Тут я обнаружила, что тоже сижу.

Лилиас изучала свои сплетенные руки, лежащие перед нею на столе. Потом она подняла глаза, чтобы взглянуть в мои:

— Нет, малышка, не Джейми.

— Тогда… пожалуйста?..

Кровь снова прилила к ее щекам, и от этого глаза ее сделались ярче. Она покачала головой и произнесла с еле заметной дрожью в голосе:

— Я знаю, знаю. Я должна тебе рассказать. Тебе уже есть за что меня прощать, но тебе придется за все прощать меня снова.
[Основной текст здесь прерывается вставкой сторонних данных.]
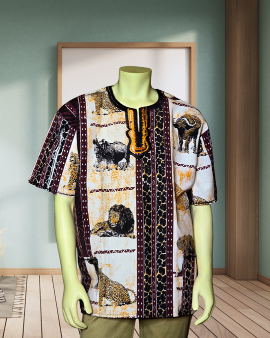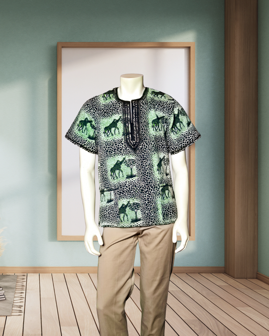Wildlife and village style shirts designed to be airy and breathable because of it's loose fitting and comfortable style.The shirts features wild animals, savanna trees and tribal patterns.They are made by breathable, eco friendly and sustainable...Regular price $100.00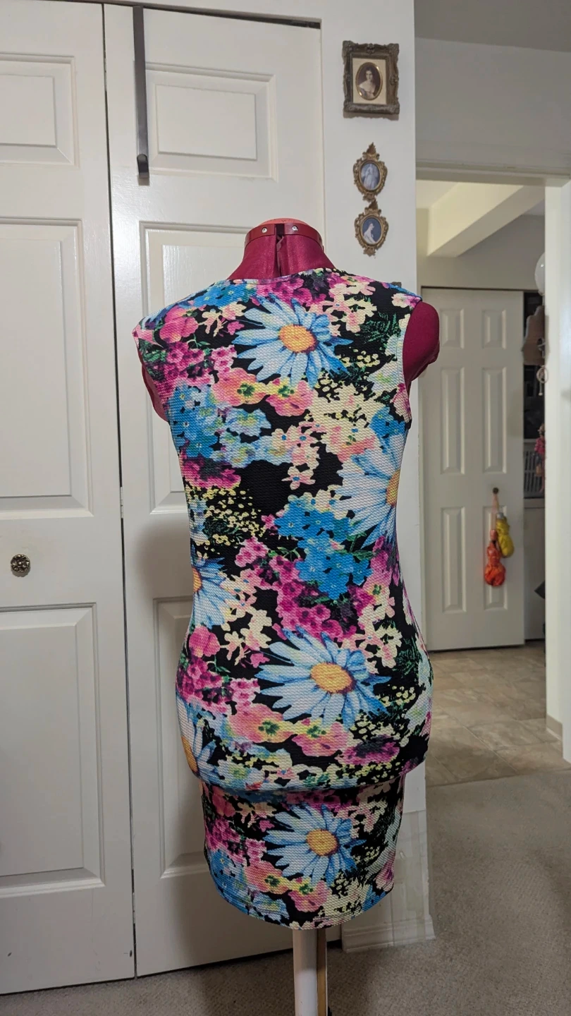 86This is a sleeveless dress with a colourful floral pattern. It features a V-neck and a fitted silhouette. The dress is perfect for a casual day out or a summer party I am moving! Hence why I'm selling my summer gear now!

Понимаешь, это… Проклятие, я даже не знаю, как начать!

Я резко произнесла:

— Это сэр Джеймс?

Лилиас резко выпрямилась с таким потрясенным видом, что мне, с моими взвинченными нервами, захотелось рассмеяться.

— Хозяин? Откуда такая мысль? Конечно же, нет! — Это протестовала полная возмущения, очаровательная горничная, которой мать была двадцать с лишним лет назад. К ней даже вернулся тогдашний выговор:

— Как ты могла помыслить о подобном? Да он никогда, никогда даже не думал об этом, и я тоже! Это было бы настоящее позорище! Ох, нет, ничего дурного тут не было, по крайней мере, так нам казалось.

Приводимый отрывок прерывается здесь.